Shallilo goes to 'Magic' weekend in Newcastle

Wiki writes that Warkworth is noted for its castle, originally built of wood in the mid 12th century. Granted to Robert fitz Richard by Henry II, it was improved by his successors and featured in the Anglo-Scottish wars (medieval wars of Scottish Independence). Now managed by English Heritage. We didn't stop long.
Amble, on the river Coquet, was a coal town from the 17th century (outcrops of coastal coal between it and the Tyne) and exporter of coal when deep mines were sunk inland and the railway came (19th century). Today, there are large broken wooden staithes and breakwaters which signal older harbour structures. There was also fishing and boat repair works which continues today. It is lifeboat station and popular market. We had a couple of pints in another Schooner Inn before eating a pie surrounded by wooden 'pods' which made up the market. Pleasant enough. Warkworth Castle is a distant landmark.

Shallilo goes to Northumbria

The real reason for going was of course 'Magic Weekend' at St James' Park, home of Newcastle United. We beat Wakefield in a tight finish.
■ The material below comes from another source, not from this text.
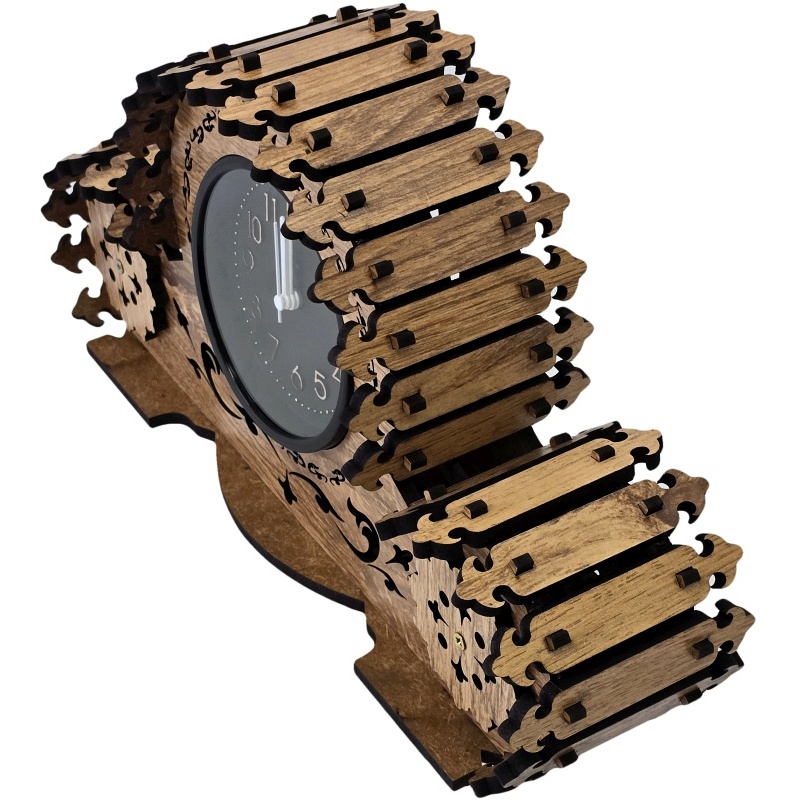 Cette horloge de table est un hommage à l'art traditionnel de la sculpture. Réalisée en bois naturel aux tons chaleureux, elle est minutieusement travaillée. Son design allie une symétrie délicate, des découpes décoratives et des lignes contrastées, créant ainsi un ensemble harmonieux. Son cadran à fond noir et ses chiffres dorés distinctifs, enchâssés dans un cadre aux formes raffinées, est l'élément principal. À la fois festive et chaleureuse, cette horloge est un accessoire intemporel empreint de l'esprit de la tradition artisanale.

Hosted by the 'Platinum Club', an exclusive matchday facility without queues for the bar, but with civilised toilets and cushioned seats. What had we done to deserve that? The outward train was delayed at Alnmouth due to an electronic break failure, fixed by a telephone call to an engineer - it's all algorithm. We had a couple of pre-match pints (Tyneside blonde which I incorrectly called Tynemouth blonde followed by exasperated barmaid) with a group who were speed-drinking shots and pints of Guiness. St Helens supporters waiting for their train which they, hopefully, caught soon after this pic. Despite all the doom and gloom about railways, I mostly have a great train travel experience. And Warkworth Castle was clearly there again, and seemingly quite close to the track.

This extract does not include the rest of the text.